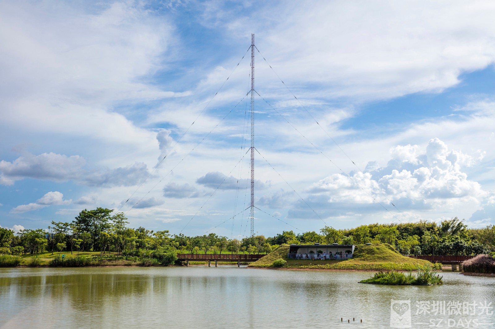 远处的电台发射塔十分醒目
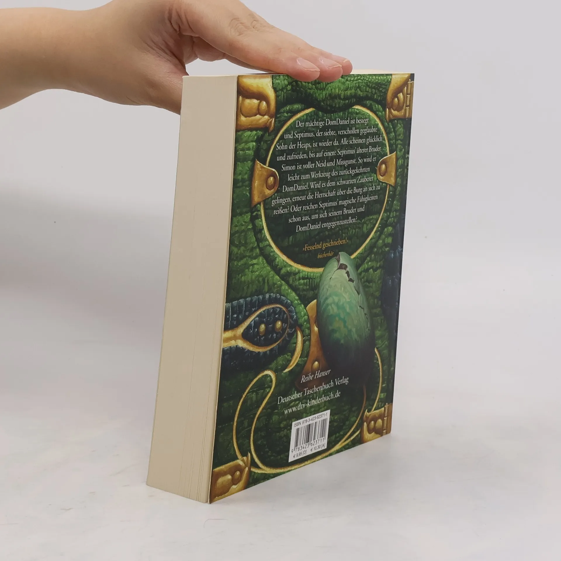 Die Schwarze Macht ist zurück Der mächtige DomDaniel ist besiegt und Septimus, der siebte, verschollen geglaubte Sohn der Heaps, ist wieder da! Bei der Zauberin Marcia Overstrand lernt er, seine magischen Fähigkeiten zu entwickeln. Jenna, die Pflegetochter der Heaps, bereitet sich auf ihre Aufgaben als Königin vor. Alle scheinen zufrieden und glücklich. Bis auf einen: Septimus' älterer Bruder Simon neidet seinem Bruder die Ausbildung. Wütend wendet er sich von seiner Familie ab und wird zum Werkzeug des zurückgekehrten DomDaniel...
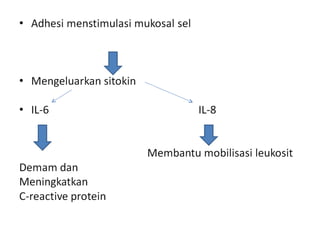 IL-6,IL-8 ikut menginduksiapoptosis epithelial cell Infeksi bakteri menyebabkan hemolysin dan endotoxin,bisa menyebabkan reaksi inflamasi dan bisa berakibat demam,nyeri,dll
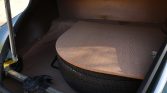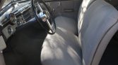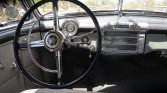 Black 15″ steel wheels wear chrome covers and wide whitewall tires. The car is equipped with four-wheel drum brakes and independent front suspension. The emergency brake was repaired in April 2021.
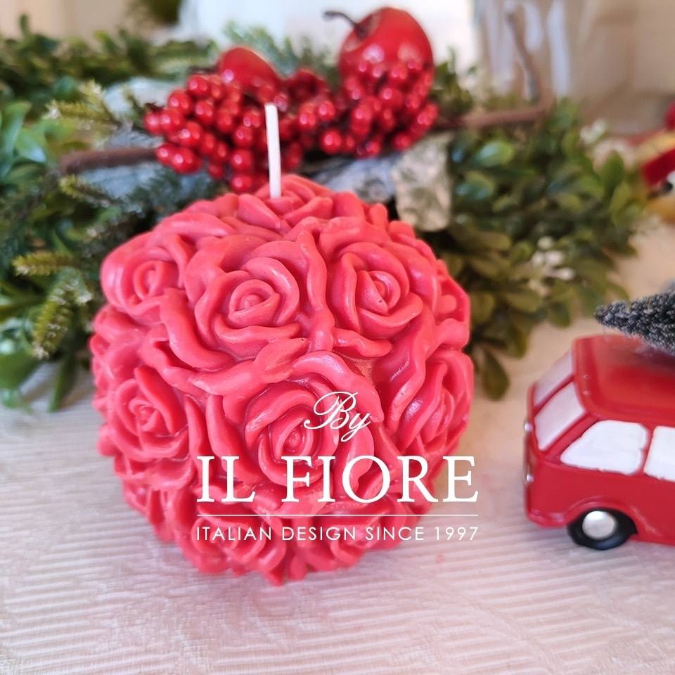 Candela grande Natale con Roselline rosse.

·····

Work required:
Reproduce word for word the lines from the one containing "IL-6,IL-8 ikut menginduksiapoptosis" through the end of the data, both ends kept. Drop the pictures.

Exercise solution:
 IL-6,IL-8 ikut menginduksiapoptosis epithelial cell Infeksi bakteri menyebabkan hemolysin dan endotoxin,bisa menyebabkan reaksi inflamasi dan bisa berakibat demam,nyeri,dll
 Black 15″ steel wheels wear chrome covers and wide whitewall tires. The car is equipped with four-wheel drum brakes and independent front suspension. The emergency brake was repaired in April 2021.
 Candela grande Natale con Roselline rosse.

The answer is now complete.